Friday, January 11, 2013

Did this Indian-American hide $8 mn via HSBC’s secret accounts?


An Indian-American entrepreneur has pleaded guilty to charges that he concealed from US tax authorities nearly $7.9 million which he held in secret bank accounts in India and Switzerland and has agreed to pay $2.4 million penalty for not disclosing them.
Sanjay Sethi, 52, of New Jersey pleaded guilty on Tuesday before US District Judge Jose Linares in Newark federal court to an information charging him with conspiracy to conceal assets in undeclared bank accounts from the Internal Revenue Service (IRS).
Sethi used corporations in the Cayman Islands and the British Virgin Islands to conceal his assets and income he held in secret bank accounts in Switzerland and India, US Attorney Paul Fishman said.
“Our criminal laws do not tolerate those who use foreign accounts to conceal their assets,” Fishman said. “Cheating the government out of tax dollars hurts all honest taxpayers.”
Sethi faces a maximum potential sentence of five years in prison and a fine of $250,000 when he is sentenced on April 18. He has agreed to file true and accurate tax returns and to pay to the IRS all taxes and penalties owed, in addition to the $2.4 million penalty.
The criminal information says that Sethi opened secret accounts with “one of the largest international banks” headquartered in England with offices in Hong Kong, Singapore, India and the US. While the information has not named the bank, media reports said the bank is HSBC. The bank operated a division in the US called NRI Services through which it encouraged US citizens to open undeclared bank accounts in India, the 12-page criminal information said.

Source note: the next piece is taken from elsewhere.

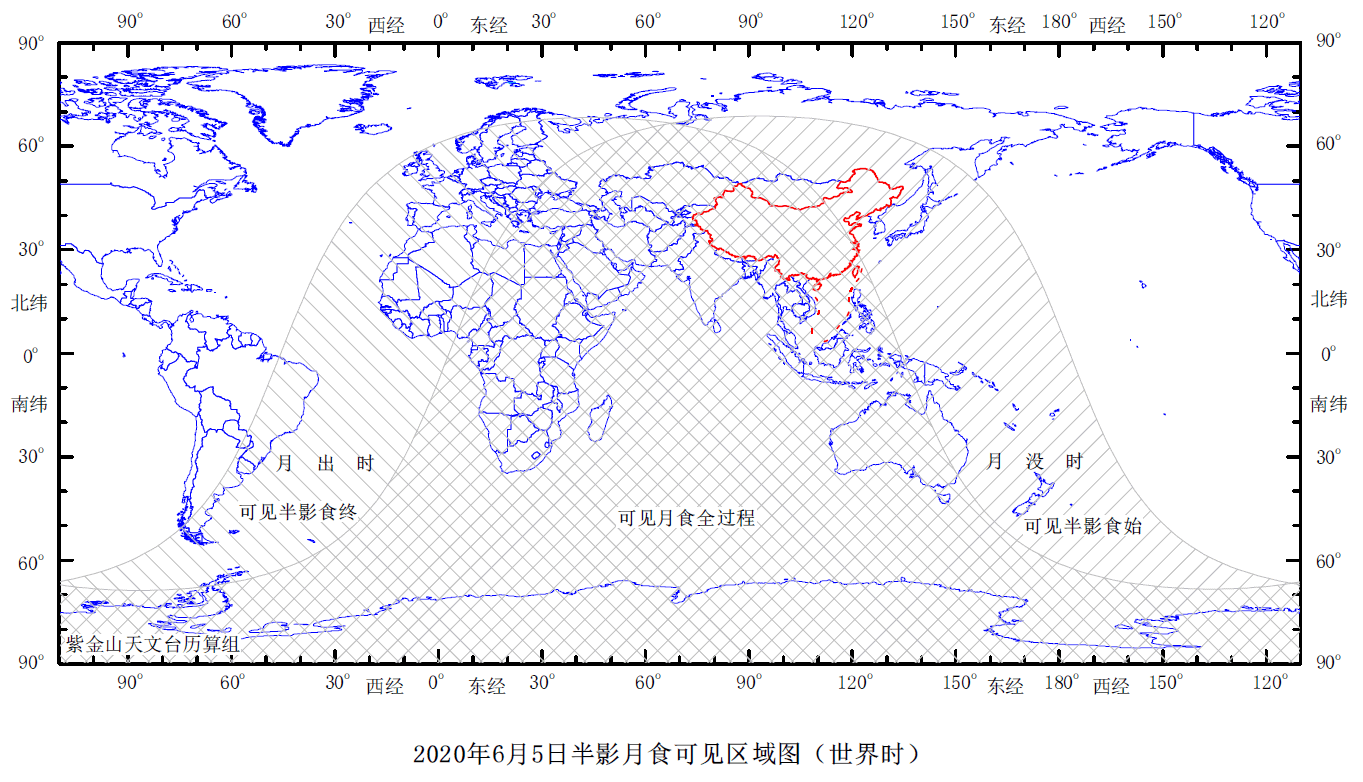 遗憾的是,只有一部分东西部地区的人可以观赏到月食。例如,欧洲的大部,亚洲,整个非洲以及南美洲的最南部地区。这些地方的人有机会在6月5日观赏到此次月食。

According to documents filed in the case, Sethi schemed with bankers from the US, UK and Switzerland to conceal his assets and income derived from those assets. Sethi used nominee and shell companies formed in tax-haven jurisdictions to conceal his ownership and control of assets from the IRS, besides filing false and fraudulent tax returns with the IRS.
Born in India, Sethi became a lawful permanent resident of the US in March 1989 and a US citizen in June 2004. He opened an IT and software development company SanVision Technologies in 1992 and also set up an entity Karol Bagh Charitable Trust which he used to conceal his ownership of undeclared accounts in Switzerland into which Sethi deposited the proceeds of real estate transactions related to properties located in India.
Between 2001 to 2009, Sethi met with his co-conspirators and opened numerous undeclared bank accounts in India and Switzerland, and used shell companies to transfer millions of dollars to undeclared offshore accounts. The total tax loss to the government was between $80,000 and $200,000.
“This guilty plea serves as another warning to those who still think they can hide their assets offshore through the use of shell companies, nominees, and foreign bank accounts,” Assistant Attorney General Kathryn Keneally of the Justice Department s Tax Division said.
According to the criminal information, Sethi met with ‘UK banker A’ at the offices of the bank in New York and discussed opening of an undeclared bank account in Switzerland. The banker told Sethi that the undeclared account would allow his assets to grow tax free and that bank secrecy laws in Switzerland would allow Sethi to conceal the existence of the account.
Since 2003, Sethi transferred $3.4 million, $2.3 million and another $2.2 million, when he sold a house in New Jersey, in the undeclared accounts. Sethi also failed to file a Report of Foreign Bank or Financial Accounts (FBAR) with respect to his foreign accounts. US citizens who have an interest in a financial account in a foreign country with assets in excess of $10,000 are required to disclose the existence of such account on their individual income tax returns.
“The object of the conspiracy was for Sethi and his co-conspirators to conceal from the IRS the existence, ownership and income derived from Sethi’s undeclared bank accounts in Switzerland and India,” the charges said.
HSBC branches have been under investigation for offshore tax evasion. Last month, HSBC agreed to pay $1.92 billion to settle allegations of violating US money laundering laws. Apart from Sethi, several other Indian-origin men based in the US have been charged with using HSBC accounts to hide income in India. New Jersey businessman Vaibhav Dahake had pleaded guilty in April 2012 to conspiring with HSBC bankers to hide his Indian accounts from the IRS.
Last August, federal jurors convicted Milwaukee neurosurgeon Arvind Ahuja on tax fraud charges, including that he filed false tax returns and failed to report to federal authorities millions of dollars hidden in offshore accounts.